La frase, en realidad, es una deformación de un conocido y no por ello menos contradictorio "apotegma" peronista que reza: "Sean todos artífices del destino común, pero ninguno instrumento de la ambición de nadie".

Solo el ingenio y el oportunismo de la ministra (o su ignorancia) explican esta curiosa operación de "cut and paste" del más rancio folklore peronista al ideario sanmartiniano.

Por otro lado, es sumamente dudoso que San Martín hubiera perseguido a través de sus acciones el ideal de una "patria latinoamericana", ya que sabido es que el Libertador actuó casi exclusivamente movido por el interés de destruir el poder colonial español concentrado en Lima, al que consideraba la principal amenaza de la independencia de las Provincias Unidas del Río de la Plata.

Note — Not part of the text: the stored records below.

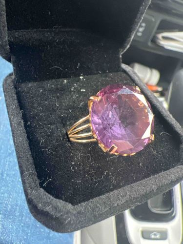 This is a statement cocktail ring featuring a very large, round brilliant-cut gemstone. The stone exhibits a deep purple to pinkish-lavender hue, characteristic of amethyst or synthetic color-change alexandrite, which was common in mid-20th-century jewelry. The gemstone is held in an open-back yellow gold setting with eight substantial prongs securing the girdle. The band (shank) features a distinctive split or triple-wire design that tapers as it moves away from the head of the ring, a style often associated with Retro or mid-century modern eras (circa 1940s-1960s). The craftsmanship appears sturdy but utilitarian, typical of commercial fine jewelry from the mid-century period. Regarding condition, the metal shows minor surface scratches consistent with age and light wear. There is visible lint and dust on the stone and settling in the black velvet display box, which suggests the piece has been stored for some time. No significant chips or fractures are immediately visible on the crown facets, though a professional cleaning and loupe inspection would be required to confirm the integrity of the facet junctions and the girdle. There are no visible maker's marks or hallmarks from this angle, though they likely reside on the inner shank.
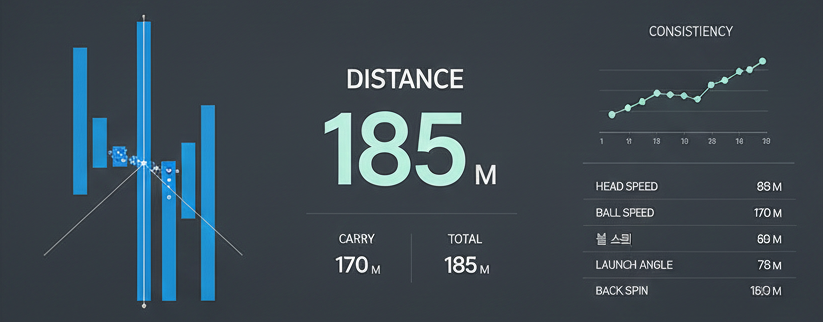 캐리가 일정해야 실제 필드에서도 거리 맞추기가 쉽고, 런은 바운스·그린 상태·날씨에 따라 많이 달라지기 때문에 연습 단계에서는 “참고용” 정도로만 보면 됩니다.
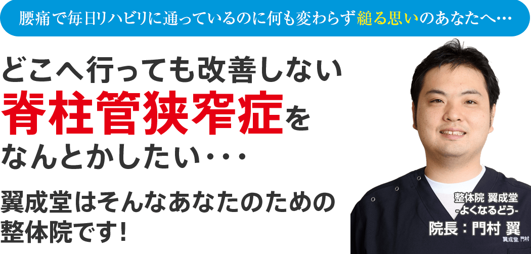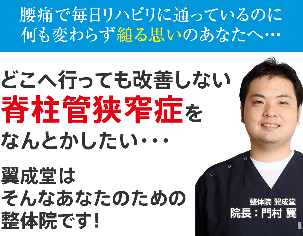 もしあなたが上記のようにお悩みなら、心の奥底でほんの少しでも良くなりたいとお思いなら整体院 翼成堂~よくなるどう~に来院し、整体でその辛い脊柱管狭窄症を根本から改善させてみませんか、ということです。
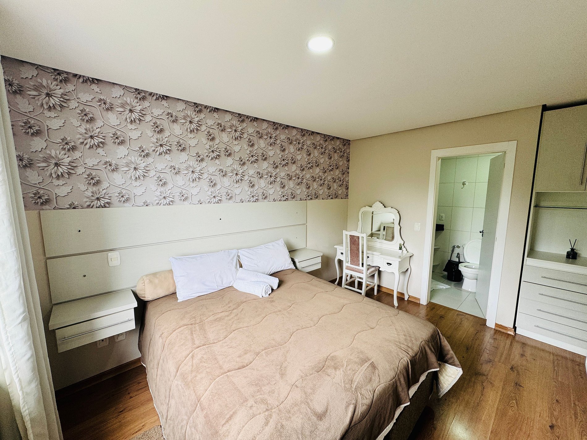 Nossa acomodação situada no 3 andar dispõe de um espaço amplo e tranquilo para momentos em família. São 2 dormitórios (sendo 1 suíte) + banheiro social.

El sueño de un Estado americano unificado forma parte de los planes políticos de Simón Bolívar, a los que San Martín -pese a algunos caballerosos gestos de conciliación hacia su colega venezolano- nunca adhirió plenamente.

Finalmente, como queda dicho, la lucha militar y política del General San Martín fue contra el poder realista, cuyos ejércitos de ningún modo podían ser considerados "invasores", al menos no en la Lima virreinal, en donde hasta 1821 (fecha de la independencia del Perú) representaban la legitimidad política y militar.

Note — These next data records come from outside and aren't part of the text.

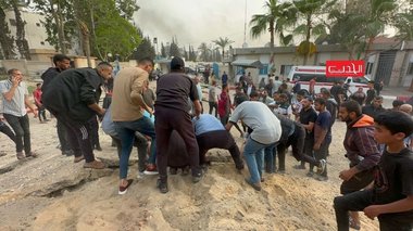 Mai multe atacuri aeriene au lovit curtea spitalului, potrivit doctorului Saleh Al Hams, şeful asistenţei medicale. Unii oameni sunt îngropaţi sub dărâmături, a spus el, numind situaţia „o catastrofă”. Echipele medicale au încercat să mute pacienţii în unităţi sigure din interiorul spitalului.
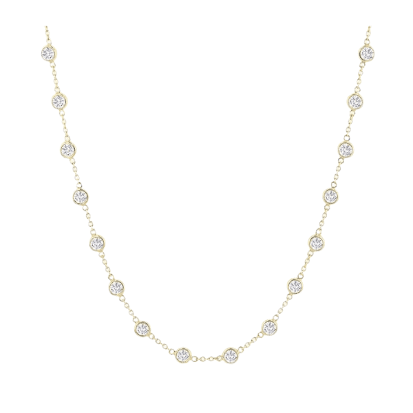 • Details: 5 ctw Bezel Set Round Cut Diamond Station Necklace in 14K Yellow Gold
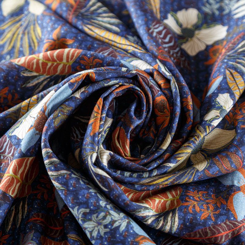 Итальянская плательно-блузочная вискоза со стилизованным цветочным принтом на темно-синем фоне. Ткань очень пластичная, отлично драпируется и струится, мягкая и приятная на ощупь, не просвечивает. Прекрасно подойдет для пошива платья, рубашки, топа, блузки, юбки, летнего костюма.
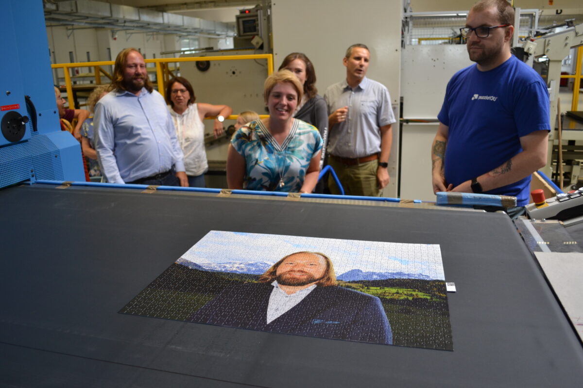 Zweite und letzte Station der Grünen-Exkursion war nach einer fast einstündigen Fahrt das tschechische Běla nad Radbuzou. Dort öffnete der Altenstädter Foto-Puzzle-Hersteller bereits 2010 eine zweite Produktionsstätte. Dr. Christian Schramek, puzzleYOU s.r.o.-Geschäftsführer, führte die Gäste durch den 40 Mitarbeiter großen Betrieb und überraschte Toni Hofreiter mit der Produktion eines eigens für ihn gefertigten Fotopuzzles. Als Erinnerung durfte er 15 Exemplare des Puzzles mit nach Hause nehmen. Im Mittelpunkt der Zusammenkunft aber stand der Austausch über die deutsch-tschechischen Beziehungen und mögliche Probleme bei der grenzüberschreitenden Zusammenarbeit.

Muy diferente es la consideración de los ejércitos realistas del Alto Perú que pretendían avanzar sobre la frontera Norte de las Provincias Unidas del Río de la Plata, porque estas operaciones tuvieron lugar después de que aquéllas iniciaran su andadura independiente en 1810. Que Güemes haya combatido contra el invasor realista no significa, sin más, que todo el enemigo merezca la consideración histórica de "invasor".

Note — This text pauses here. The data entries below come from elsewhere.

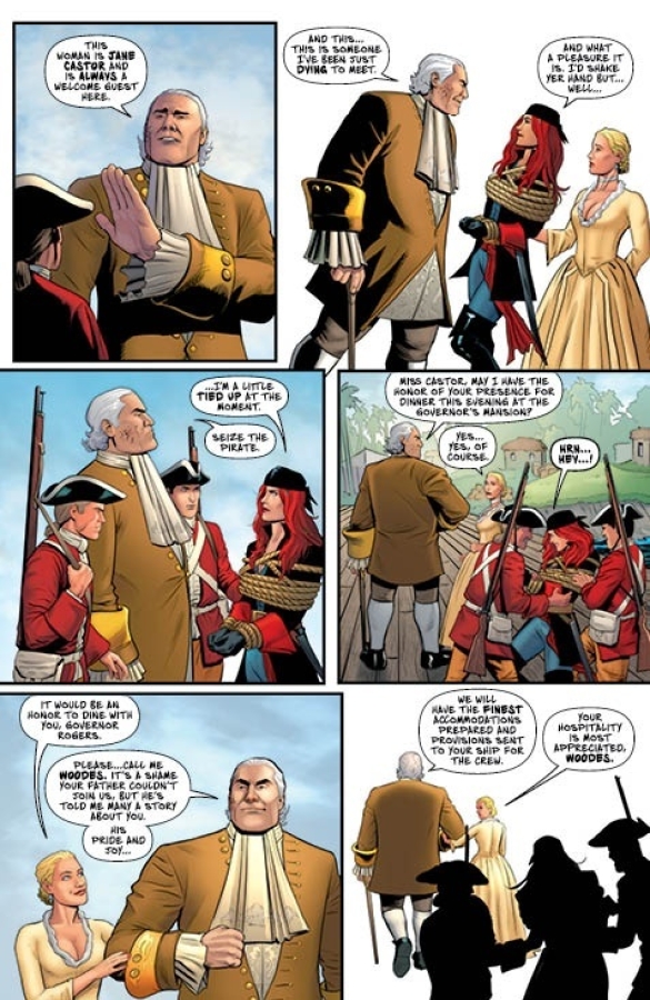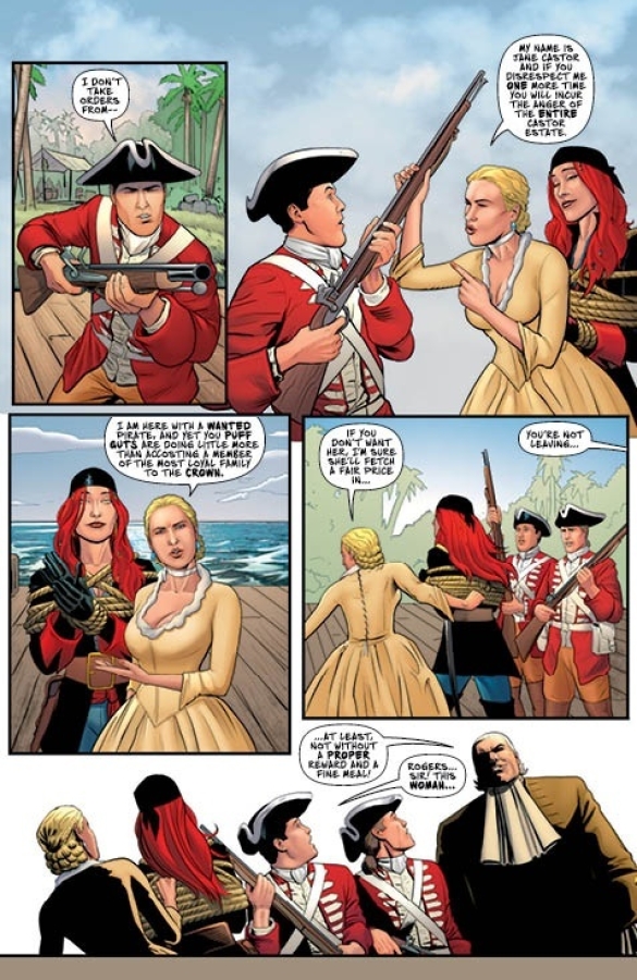 Pirate queens Anne Bonny and Mary Read, along with their all-female crew of buccaneers, are caught between the devil and the deep blue sea as both their former pirate partners and the might of the British Empire close in on them. As the Battle of Nassau rages with cutlasses and cannons, where do the loyalties of Calico Jack Rackham lie? Will Jack be Anne and Mary’s savior or their doom. Writer Stephanie Phillips (Butcher of Paris, Heavy Metal) and artist Craig Cermak (Voltron) continue their pirate adventure!
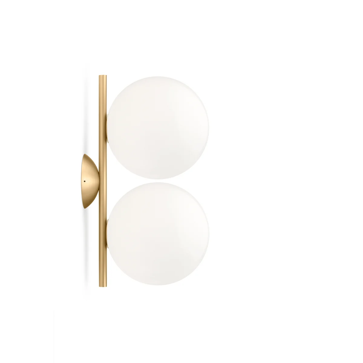 Les deux diffuseurs de la lampe sont en verre opale soufflé à la bouche, le cadre est en laiton ou en acier. L'IC DOUBLE est disponible en deux versions et plusieurs couleurs.
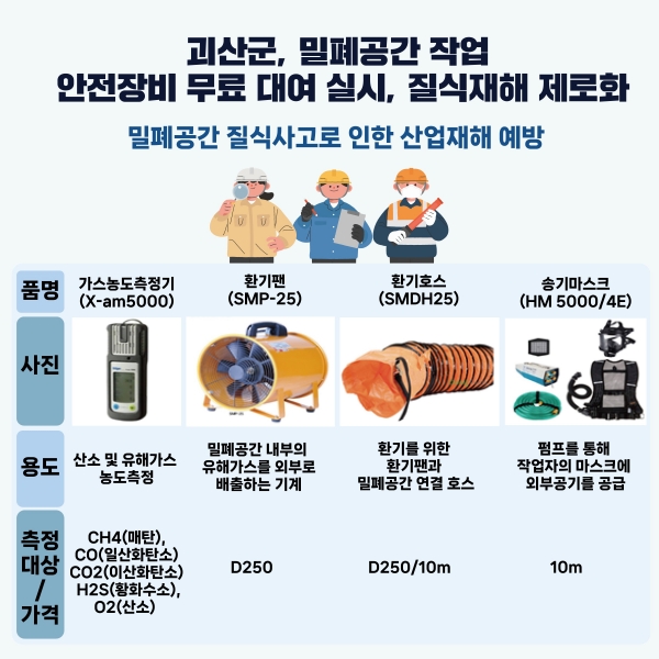 [충청뉴스큐] 충북 괴산군은 밀폐공간에서 작업 시 필요한 안전 장비를 무료로 대여하는 사업을 실시한다고 23일 밝혔다.
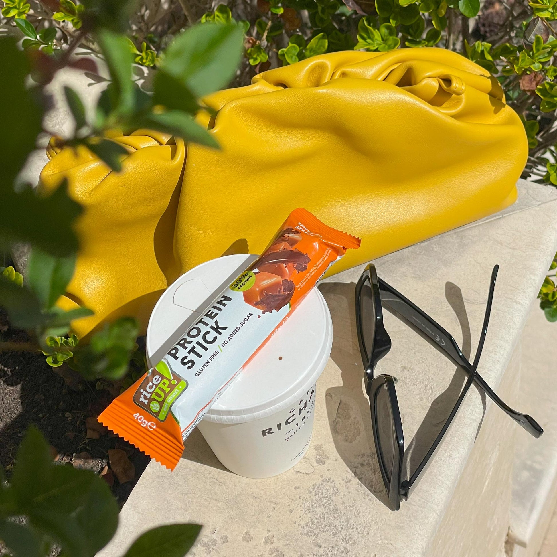 Наслади се на върховното удоволствие с нашия протеинов стик RiceUP! Tofee Caramel – здравословен десерт, който не прави компромис с вкуса! Със своите 30% протеин, без добавена захар, без глутен и без палмова мазнина, той е идеалният, балансиран снакс за активни хора. Всяка хапка разкрива мек протеинов пълнеж и нежен слой златист карамел, обвити в изкусителен млечен шоколад – истинско удоволствие за сетивата, без угризения. Със своя джобен формат, RiceUP! протеинов стик е идеален on-the-go заряд по всяко време на деня – в офиса, в училище, преди или след тренировка, със чаша ароматно кафе и дори на път.

Salvo, claro está, que la ministra Diez haya abandonado subrepticiamente su militancia dentro del llamado "grupo principal" de Salta y se haya embanderado tardíamente en las filas del indigenismo.

La próxima vez que se presente una ocasión similar, el Gobernador de Salta haría bien en encomendarle el discurso patriótico al iletrado intendente Corimayo, quien pese a no dirigir un fortín gaucho, ni un ministerio mediador, ni poseer un diploma universitario, conoce mejor a San Martín, a Perón y a los realistas, que la señora María Inés Diez.

Con mayor acierto, Corimayo habría reconocido que el "nuevo enemigo" (la pobreza y la inequidad) no solo se derrota con convicción y compromiso, sino también con decencia. Un componente que explica por qué el gobierno que integra la señora Diez está perdiendo de modo estrepitoso esta nueva guerra.